▶ [Task requirements] Start at the line below containing "Baseline characteristics of" and stop at the line containing "Elegant Embroidery Blackout". Repeat every line of that stretch exactly, and nothing outside it.

▶ [Input data]

________________

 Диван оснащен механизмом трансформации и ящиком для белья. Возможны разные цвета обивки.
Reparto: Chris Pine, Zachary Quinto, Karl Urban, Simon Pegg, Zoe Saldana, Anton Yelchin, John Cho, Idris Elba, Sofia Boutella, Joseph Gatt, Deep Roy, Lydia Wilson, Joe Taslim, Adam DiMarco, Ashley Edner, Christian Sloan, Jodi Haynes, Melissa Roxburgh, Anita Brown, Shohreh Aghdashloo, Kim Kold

________________

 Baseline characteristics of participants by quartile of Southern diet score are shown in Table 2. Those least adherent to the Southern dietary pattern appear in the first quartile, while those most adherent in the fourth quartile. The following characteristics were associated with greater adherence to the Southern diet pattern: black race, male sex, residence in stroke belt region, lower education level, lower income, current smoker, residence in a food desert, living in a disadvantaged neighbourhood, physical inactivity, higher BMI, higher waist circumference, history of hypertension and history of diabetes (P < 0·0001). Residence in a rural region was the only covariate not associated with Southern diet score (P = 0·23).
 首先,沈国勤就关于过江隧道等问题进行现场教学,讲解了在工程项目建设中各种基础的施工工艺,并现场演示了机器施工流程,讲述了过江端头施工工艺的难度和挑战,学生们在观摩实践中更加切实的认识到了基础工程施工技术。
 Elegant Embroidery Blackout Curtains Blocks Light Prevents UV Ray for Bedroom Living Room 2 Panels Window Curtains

________________

▶ [Result of this task]
 Baseline characteristics of participants by quartile of Southern diet score are shown in Table 2. Those least adherent to the Southern dietary pattern appear in the first quartile, while those most adherent in the fourth quartile. The following characteristics were associated with greater adherence to the Southern diet pattern: black race, male sex, residence in stroke belt region, lower education level, lower income, current smoker, residence in a food desert, living in a disadvantaged neighbourhood, physical inactivity, higher BMI, higher waist circumference, history of hypertension and history of diabetes (P < 0·0001). Residence in a rural region was the only covariate not associated with Southern diet score (P = 0·23).
 首先,沈国勤就关于过江隧道等问题进行现场教学,讲解了在工程项目建设中各种基础的施工工艺,并现场演示了机器施工流程,讲述了过江端头施工工艺的难度和挑战,学生们在观摩实践中更加切实的认识到了基础工程施工技术。
 Elegant Embroidery Blackout Curtains Blocks Light Prevents UV Ray for Bedroom Living Room 2 Panels Window Curtains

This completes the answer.